# Writing > General Writing >  Mask

## fly_high

Once I saw a man who looked very familiar.
When I looked at him he looked like a normal happy guy.
But then I noticed something about him. Something that most people probably miss.
I saw past his fake smile and confident posture. 
In his eyes I noticed an extreme sense of despair.
Not the sort of sadness that one has when they lose a loved one or let someone down.
This was the sort of sadness that becomes such a burden because there is something to constantly remind him of his sorrow. 
The kind of sadness one receives from unrequited love.
His love for this girl is at such an extreme amount that even though it hurts him, he cant push her away.

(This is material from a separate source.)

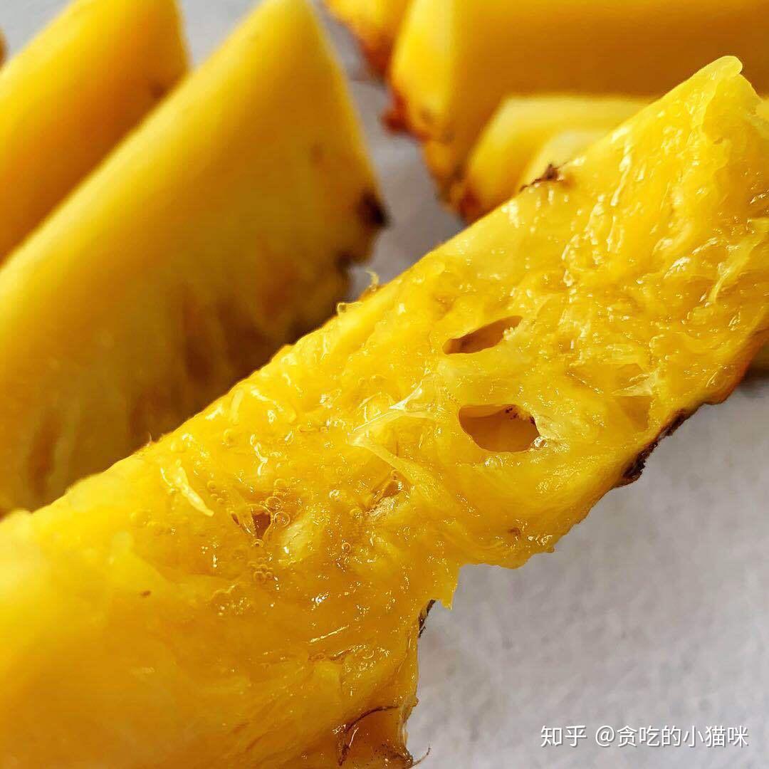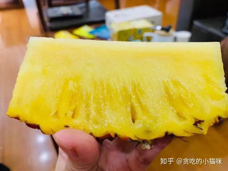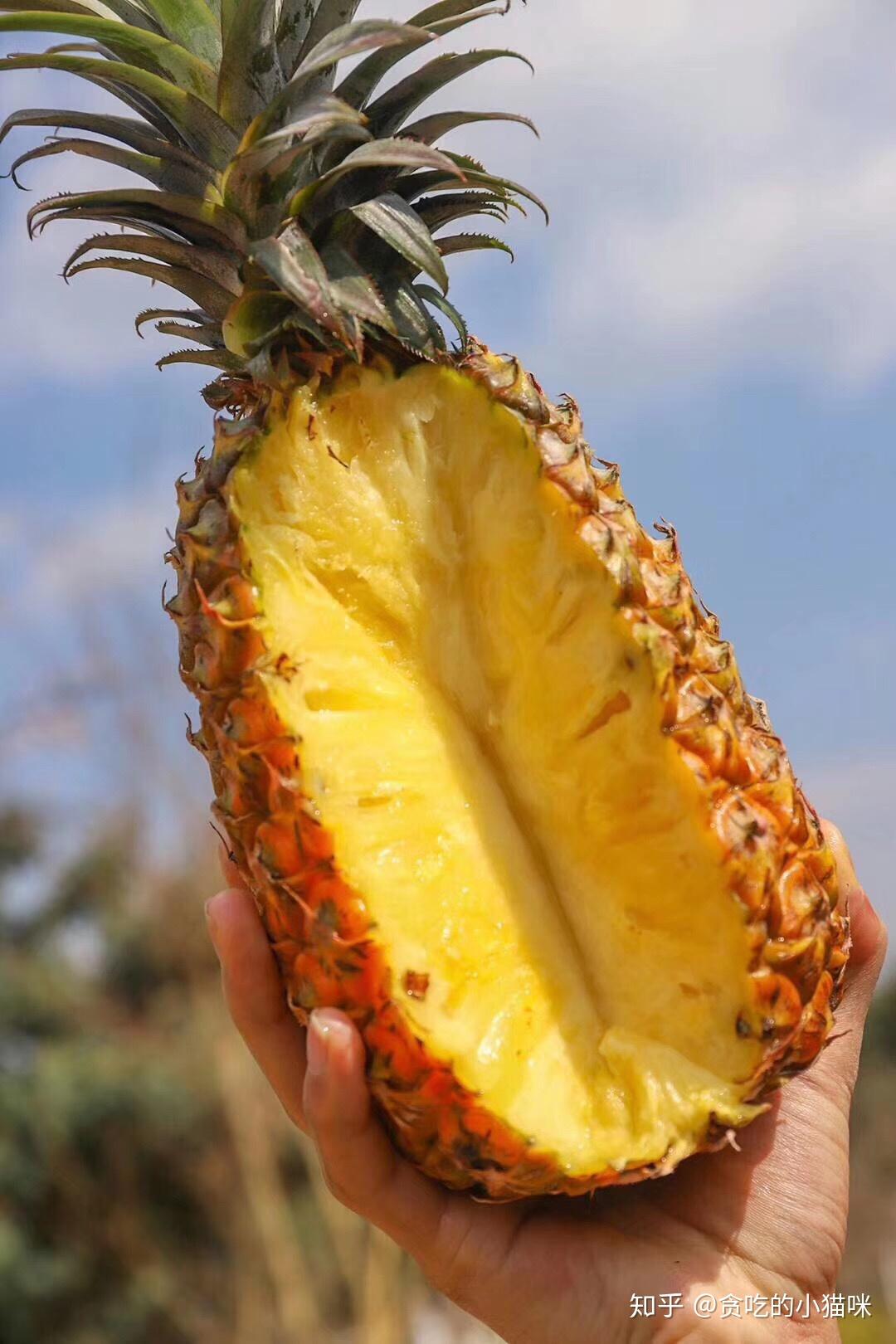 不消鹽水泡,不消挑刺,不塞牙,也不麻嘴,對(duì)半切開,像吃西瓜一樣間接啃,果肉多汁蜜甜,香味十足。套用之前他人說的“海南金鉆鳳梨能甜到讓你覺得到淡淡的憂傷”

The mask he puts on his face is so that no one knows how much he is truly suffering.
He loves this girl so much that he endures this suffering in order to be around her. 

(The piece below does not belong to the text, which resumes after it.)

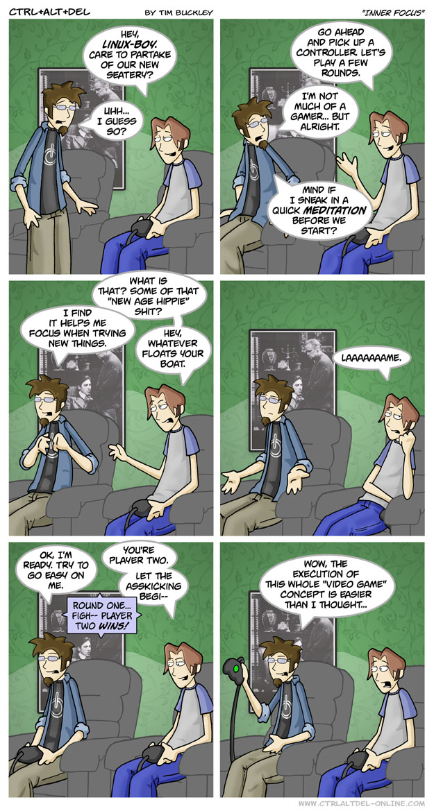 First Previous Random Next Last | 3 Share You are currently browsing the archive for Ctrl Alt Del First Previous Archive Random Next Last | 3 Share Tweet 24 Inner focus July 30, 2003 by Tim Subscribe Notify of new follow-up comments new replies to my comments Label {} [+] Name* Email* Δ Label {} [+] Name* Email* Δ 3 Comments Oldest Newest Most Voted Inline Feedbacks View all comments Hamstermer 8 years ago Let’s be honest here, Scott is an ace coder and has infiltrated Microsoft databases. Odds are he has memorized an instant win code for many games Ethan plays. Random guy 7 years ago Reply to Hamstermer Why do you give spoilers to people who are new to this comics? TIM THE TAT MAN 4 years ago Reply to Hamstermer yeah dude that is actually ball sacks

Although this person's presence causes him pain he justifies his torment with one thing.
He needs to love this girl as much as he can so that she can always be happy. 
Seeing her unhappy at any time would be far worse than any pain he could ever endure. 
While he does not truly understand this perpetual love and undying need to make sure she's happy, he continues to believe in it.
The motive to keep her happy may be the only thing keeping him alive, even though it was the thing that caused him this pain in the first place.
Then I noticed something else about this man which made me realize why he looked so familiar. 
He was wearing the same clothes that I was. Had the same hair style, same color eyes, and was the exact same size. 
I was too lost in my head to think that there was something this extreme bothering me that I failed to notice I was looking in the mirror. 
A man so lost in his love and despair that he cannot even recognize himself. 
My mask must be even better than I think.

----------